For children orphaned by AIDS, running away from home to seek opportunities in the informal urban sector is a rational survival strategy. Listening to their voices, the author found that:

  • Three quarters of the children said it was family poverty that had forced them to leave home.
  • So great is the stigma that few children even mention AIDS.
  • Emotional vulnerability and financial desperation make street children vulnerable to sexual exploitation, abuse and survival sex – boys and girls are at great risk of themselves becoming infected with HIV and perpetuating the cycle of poverty and AIDS.
  • Seventy per cent of street children are boys – most of the twenty street children projects in Tanzania do not provide for the needs of girls.
  • Many street children find it hard to access healthcare services.

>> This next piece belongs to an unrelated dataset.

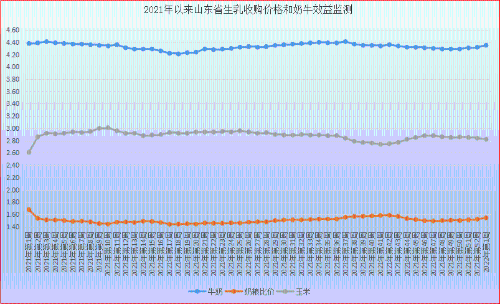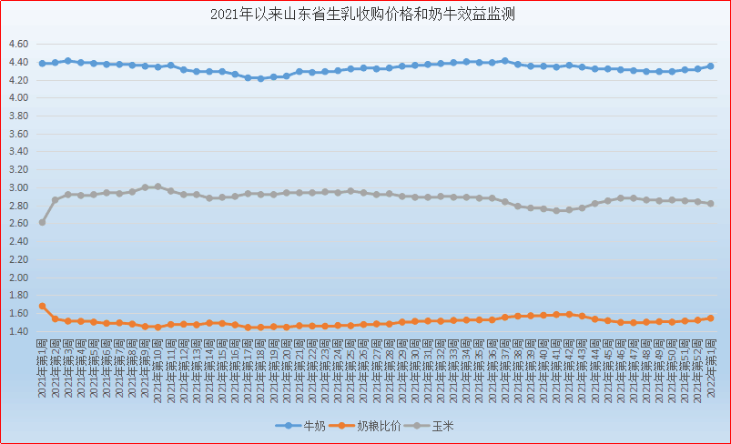 第1周(1月3日-1月9日),生乳价格本周持续上行。截至第1周末我省生乳为4.35元/公斤,同比降低0.68%,环比升高0.69%。在我省监测的26个县中,剔除三个无效数据,有12个县的价格大于或等于全省平均价格,其中最高价格在临沂郯城县,为4.70元/公斤;最低价格出现在潍坊青州市为3.95元/公斤,最高价与最低价差值为0.75元/公斤,差价与上周相比收缩。本周奶粮比价为1.54:1,同比回落8.33%,环比回升1.32%。

Many orphaned girls become urban domestic workers. The exploitation and the physical and sexual abuse they suffer are a serious hidden violation of the rights of the child. Vulnerable to unprotected or coercive sex, girls become infected at a younger age than boys. They are often first to be withdrawn from school when the family experiences poverty. For girls whose parents are unable to pay school fees, entering into a sexual relationship with an older man may be the only way to continue education. Girl-unfriendly environments in some schools mean that girls who refuse teachers’ advances can be humiliated, given low marks or beaten. Pregnant schoolgirls are often expelled.

The author calls for:

  • ensuring that policy measures aimed at assisting children orphaned by AIDS are based on a wider definition of ‘social orphans’ (thus including those whose parents are not able to provide care) in order to avoid stigmatising
  • political will to greatly increase proven cost-effective, community-based approaches to caring for orphans in their home environment
  • NGOs working with street children to do more for girls and become more sensitive to the gendered experiences, vulnerabilities and needs expressed by street girls and boys
  • much greater advocacy for the rights of all children, and particularly girls, to education, healthcare, participation and protection from exploitation.

Source(s):
‘Poverty, HIV and barriers to education: street children’s experiences in Tanzania’, Gender and Development, vol. 10, No. 3, pp51-62, by Ruth Evans, November 2002 Full document.